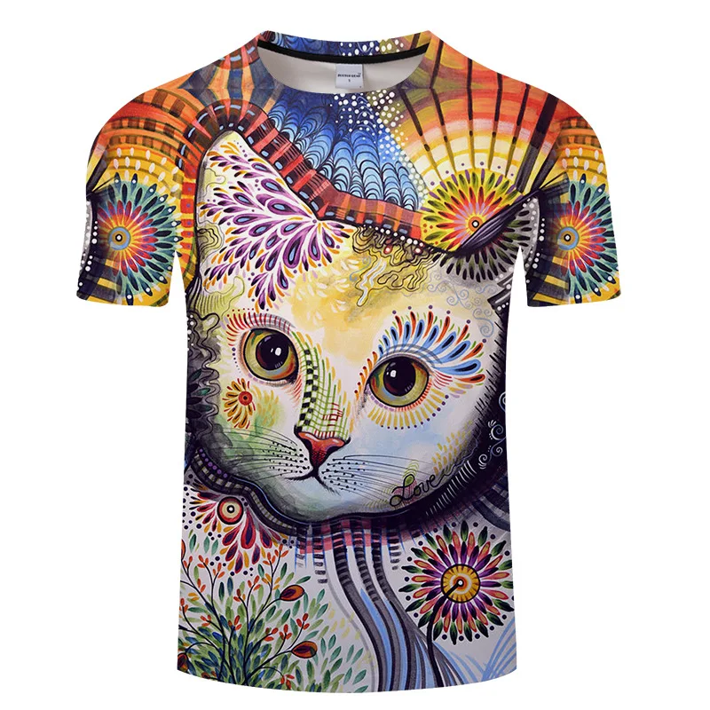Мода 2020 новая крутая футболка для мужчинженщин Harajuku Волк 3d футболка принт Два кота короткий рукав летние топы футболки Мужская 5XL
+ + +
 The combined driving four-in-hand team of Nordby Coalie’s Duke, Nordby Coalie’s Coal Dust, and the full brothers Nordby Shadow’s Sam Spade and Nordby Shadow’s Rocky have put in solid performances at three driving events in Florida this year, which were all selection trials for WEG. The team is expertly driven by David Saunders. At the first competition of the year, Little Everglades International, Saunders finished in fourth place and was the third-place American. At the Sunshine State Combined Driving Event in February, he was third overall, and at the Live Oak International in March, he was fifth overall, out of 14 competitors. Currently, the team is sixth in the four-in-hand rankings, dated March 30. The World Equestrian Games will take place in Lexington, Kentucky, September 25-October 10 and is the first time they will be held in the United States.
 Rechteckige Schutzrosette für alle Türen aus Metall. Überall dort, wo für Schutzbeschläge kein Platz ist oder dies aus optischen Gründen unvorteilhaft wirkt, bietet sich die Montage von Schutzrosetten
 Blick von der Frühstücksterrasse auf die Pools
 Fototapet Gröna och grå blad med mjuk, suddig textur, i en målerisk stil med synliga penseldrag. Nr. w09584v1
+ + +
Goal of the exercise - Only the lines from the one containing "The combined driving" through the one containing "Fototapet Gröna och" are to be retyped, both boundary lines included, with no other material.

Problem solution -
 The combined driving four-in-hand team of Nordby Coalie’s Duke, Nordby Coalie’s Coal Dust, and the full brothers Nordby Shadow’s Sam Spade and Nordby Shadow’s Rocky have put in solid performances at three driving events in Florida this year, which were all selection trials for WEG. The team is expertly driven by David Saunders. At the first competition of the year, Little Everglades International, Saunders finished in fourth place and was the third-place American. At the Sunshine State Combined Driving Event in February, he was third overall, and at the Live Oak International in March, he was fifth overall, out of 14 competitors. Currently, the team is sixth in the four-in-hand rankings, dated March 30. The World Equestrian Games will take place in Lexington, Kentucky, September 25-October 10 and is the first time they will be held in the United States.
 Rechteckige Schutzrosette für alle Türen aus Metall. Überall dort, wo für Schutzbeschläge kein Platz ist oder dies aus optischen Gründen unvorteilhaft wirkt, bietet sich die Montage von Schutzrosetten
 Blick von der Frühstücksterrasse auf die Pools
 Fototapet Gröna och grå blad med mjuk, suddig textur, i en målerisk stil med synliga penseldrag. Nr. w09584v1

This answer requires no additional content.